Ultimate strength and toughness of graphene revealed
The University of Trento has participated in an international project where, for the first time, researchers were able to conduct hundreds of experiments to measure the ultimate mechanical properties of this material. They found that even a microscopic defect reduces graphene strength by fifty percent. The study was published in Nature Communications
According to scientists, today graphene is one of the most promising materials. Since it was discovered, it has been the focus of many studies and never ceases to surprise. Recently a group of researchers from UCLouvain made a breakthrough in research, revealing the definitive strength and fracture toughness of this material. The Italian part of the project was conducted by the University of Trento and, specifically, by Nicola Pugno, Professor of Solids and Structural Mechanics at the Department of Civil, Environmental and Mechanical Engineering, who has been studying this material for years and is part of the "Graphene Flagship", an ambitious European research initiative.
About graphene. Graphene is a two-dimensional material made up by a lattice of carbon atoms. Despite being as thin as an atom, it is ideally a hundred times stronger than steel. It is flexible, lightweight, waterproof, an excellent conductor of heat and electricity. These characteristics are known today thanks to numerical simulations and, in part, to the few experiments that have been conducted so far. The data however are incomplete and not much statistically significant because repeating the tests is very difficult.
To understand this complexity, imagine to carry out a tensile experiment on something very tiny, 150,000 times thinner than a human hair.
To know the resistance of the material, experts explain, you need two pieces of information: definitive strength and fracture toughness. These aspects provide the key properties of graphene.
The goal of the scientists involved in the project was to obtain this information from larger and more significant samples than the nanoscopic ones used so far, and to repeat the experiment multiple times to obtain statistically significant and definitive results. They succeeded in this.
About the research work. For the first time, the group of researchers conducted experiments on single sheets of a few hundred micrometers. This size is almost half a millimetre, which makes it visible to the naked eye.
Materials scientists know that perfection is hard to achieve. And, just like any material, graphene may have defects. These reduce strength in the fracture phase. Strength decreases in proportion to the size of the most critical defect, which in turn is proportional to the size of the sample that is being examined. Thus, smaller scale materials tend to be stronger because the likelihood of finding defects is lower. On the other hand, on a higher scale, even the strongest materials appear more fragile because the probability of imperfections increases.
The authors of the study used a quantized fracture mechanics approach which takes into account the initial defects of a material (microstructure cracks) and discrete nature of the material, invented by Nicola Pugno in the past.
Using microscopic chips patented by UCLouvain, the researchers simultaneously carried out hundreds of experiments on samples as thick as an atom, with and without cracks. Their goal was to measure the strength and toughness of the sample.
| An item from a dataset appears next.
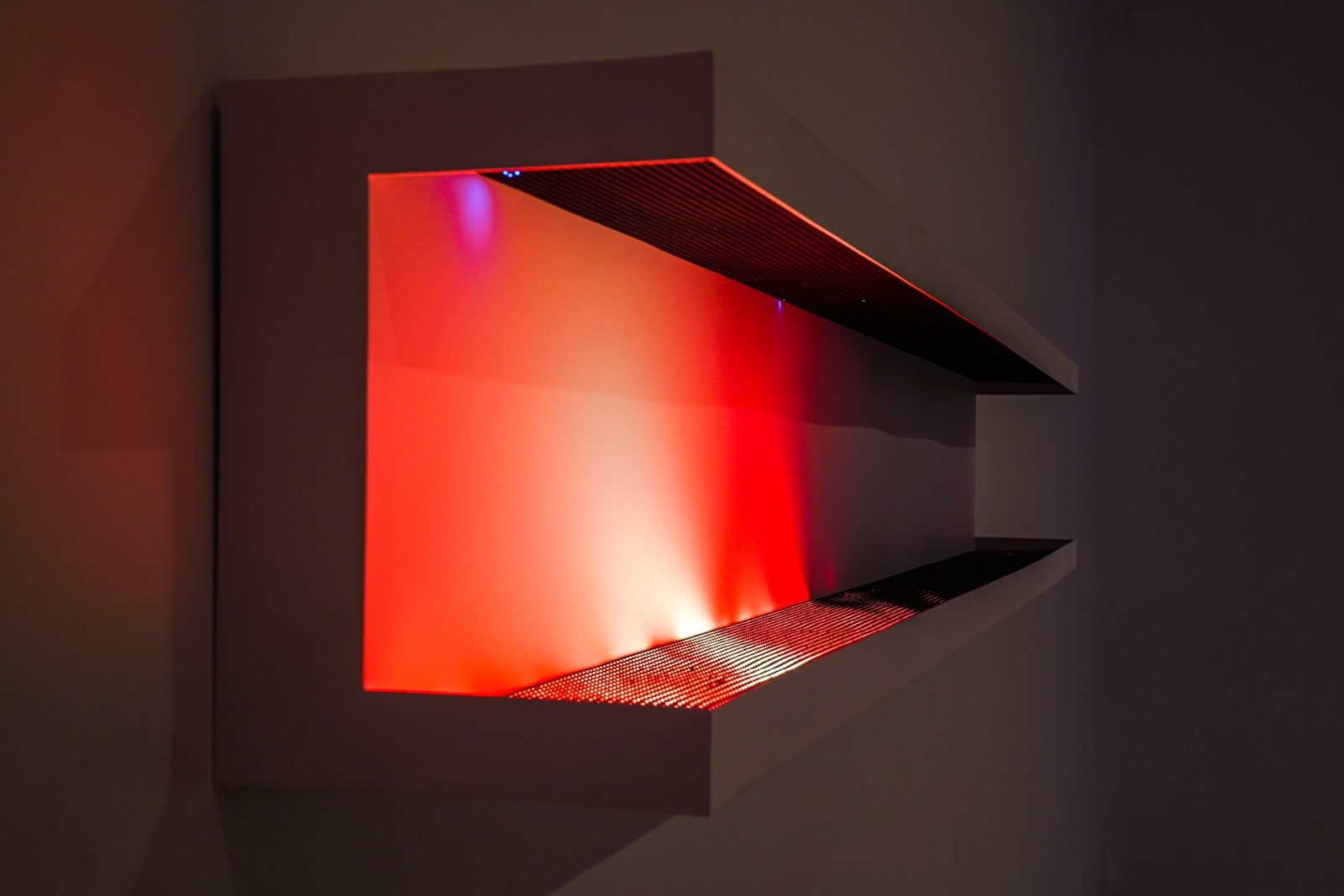 Escultóricamente, la obra evoca una escultura minimalista. Al mismo tiempo, funciona como un dispositivo óptico que alberga un juego de luces y sombras, con reflejos generados por pantallas LED incrustadas en su interior. Al traducir datos abstractos en una experiencia visual, Diorama II transforma la información estadística en un paisaje digital en constante evolución.

Interpreting the results. The role of the University of Trento in the project was to interpret the results of the experiments carried out using the aforementioned modelling approach. Nicola Pugno, an expert in bio-inspired nanomechanics, nanotubes and graphene and, more generally, in solids, structural and fracture mechanics, was involved by virtue of his proven experience and his numerous publications on the subject, as he is also the first who theoretically calculated the fracture toughness of graphene, which was ultimately confirmed today, 20 years later.
"The tests we carried out – he explains – show that, statistically, graphene sheets of this size often have a single defect, which measures just one and a half nanometers but which reduces the material's strength by fifty percent, as our previous calculations predicted."
"What the results of the study are saying – he adds – is that we must bear in mind that the strength of realistic graphene, that is to say, with its defects, is about half of that of the ideal graphene. It would be risky – he concludes – to consider defect-free graphene, because it is hardly ever so. We should always take into account at least one single defect, which may well be very small but still significantly affect the actual strength of the material."
Today graphene is used in various sectors, from aerospace, to biomedicine, to the construction sector. This study also opens the way to other applications that require very high resistance materials: from mechanics, to engineering, to sensors.